The following are excerpts from a recent Virginian Pilot article highlighting how No Child Left Behind is working to close the achievement gap between white and minority students:

"Fifty years after the Supreme Court declared that children of all races were entitled to an equal education, the outcomes are anything but balanced. In more than 95 percent of public schools in South Hampton Roads and across Virginia, white students outscored black students on basic reading and math tests, according to a Virginian-Pilot analysis of more than 1,200 schools. The disparities aren't limited to predominantly black and low-income schools. At Norfolk's Larchmont Elementary, 97 percent of white students passed last year's reading Standards of Learning tests, compared with 57 percent of black students. ... Still, experts and educators see hope behind those figures. In fact, they see hope because of them: Data might be able to do what Brown could not."

"[The achievement gaps are] being caught in different ways all across South Hampton Roads. Schools in every division have improvement plans in which principals identify weaknesses and devise techniques for progress. In many places, the plans now zero in on achievement gaps, in large part because of the focus on data in the federal No Child Left Behind Act. The act requires schools to report scores along racial and economic lines. It also requires them to raise the performance of all students, rather than resting on the results of whiter and wealthier test-takers. For example, in Virginia, a school meets state accreditation standards if 70 percent of students pass the SOLs. The No Child Left Behind Act makes schools identify the other 30 percent and bring their scores up, too."
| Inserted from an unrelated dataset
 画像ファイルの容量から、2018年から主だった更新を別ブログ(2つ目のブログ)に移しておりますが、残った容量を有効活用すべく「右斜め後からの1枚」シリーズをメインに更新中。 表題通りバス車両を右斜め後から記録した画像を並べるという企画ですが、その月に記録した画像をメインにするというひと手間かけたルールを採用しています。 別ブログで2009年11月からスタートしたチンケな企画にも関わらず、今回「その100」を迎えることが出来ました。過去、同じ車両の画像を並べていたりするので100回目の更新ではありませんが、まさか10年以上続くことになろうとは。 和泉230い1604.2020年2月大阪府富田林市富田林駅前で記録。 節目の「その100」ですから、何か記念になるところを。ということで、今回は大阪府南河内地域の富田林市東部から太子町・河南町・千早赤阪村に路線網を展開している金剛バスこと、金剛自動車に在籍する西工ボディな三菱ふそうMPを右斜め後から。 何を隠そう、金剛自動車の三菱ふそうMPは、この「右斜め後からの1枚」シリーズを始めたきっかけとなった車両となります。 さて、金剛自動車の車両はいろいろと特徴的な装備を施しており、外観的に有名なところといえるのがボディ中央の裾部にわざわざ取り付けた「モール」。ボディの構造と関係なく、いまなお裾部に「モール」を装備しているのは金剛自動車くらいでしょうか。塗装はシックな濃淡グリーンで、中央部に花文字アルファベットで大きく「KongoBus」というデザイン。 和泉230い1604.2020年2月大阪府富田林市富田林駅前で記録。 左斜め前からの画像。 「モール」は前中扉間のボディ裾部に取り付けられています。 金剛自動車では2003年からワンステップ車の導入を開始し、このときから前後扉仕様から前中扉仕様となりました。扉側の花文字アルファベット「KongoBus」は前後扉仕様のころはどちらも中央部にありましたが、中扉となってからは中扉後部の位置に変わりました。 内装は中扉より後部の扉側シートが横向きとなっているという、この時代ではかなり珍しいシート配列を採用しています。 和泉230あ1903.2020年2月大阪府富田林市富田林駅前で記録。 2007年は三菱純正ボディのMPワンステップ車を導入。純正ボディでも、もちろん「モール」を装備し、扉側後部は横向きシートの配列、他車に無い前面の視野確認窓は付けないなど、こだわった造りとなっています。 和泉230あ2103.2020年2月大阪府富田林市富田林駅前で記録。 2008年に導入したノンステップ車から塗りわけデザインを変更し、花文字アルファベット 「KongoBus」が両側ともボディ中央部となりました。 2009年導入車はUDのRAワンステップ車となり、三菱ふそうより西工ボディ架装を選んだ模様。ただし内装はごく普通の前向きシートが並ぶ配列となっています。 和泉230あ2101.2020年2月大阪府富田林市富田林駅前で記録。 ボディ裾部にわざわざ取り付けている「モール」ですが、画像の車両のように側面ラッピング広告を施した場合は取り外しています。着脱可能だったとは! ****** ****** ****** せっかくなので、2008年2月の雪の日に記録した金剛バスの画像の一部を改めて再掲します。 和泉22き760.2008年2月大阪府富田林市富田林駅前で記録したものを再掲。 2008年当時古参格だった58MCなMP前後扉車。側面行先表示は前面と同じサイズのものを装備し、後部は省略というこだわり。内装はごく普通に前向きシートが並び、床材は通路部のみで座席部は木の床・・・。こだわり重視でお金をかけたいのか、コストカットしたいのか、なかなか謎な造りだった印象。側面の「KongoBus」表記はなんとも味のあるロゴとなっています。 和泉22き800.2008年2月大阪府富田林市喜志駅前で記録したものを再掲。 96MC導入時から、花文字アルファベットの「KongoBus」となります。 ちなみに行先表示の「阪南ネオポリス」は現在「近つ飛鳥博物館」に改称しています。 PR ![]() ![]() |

"Rather than looking at, "Did we meet the magic pass rate?" we ask, "Did we meet that pass rate for all groups of students?" said Linda Duffy Palombo, assistant superintendent for curriculum and instruction in Chesapeake. "We have more clear data to deal with, and I think the better your data is, the better decisions you make."

"Perhaps no where in South Hampton Roads is the achievement gap a greater focus than in Norfolk, whose superintendent, John O. Simpson, co-chairs the national Council of Great City Schools' achievement gap task force. In the past five years, Norfolk's gaps have been cut in half in a number of areas, and by 75 percent in high-school English and Algebra II. Simpson is now focusing on black students in diverse settings, including fully accredited schools such as Larchmont and Willoughby elementaries, which have a more equal racial mix but where black students' scores are markedly lower."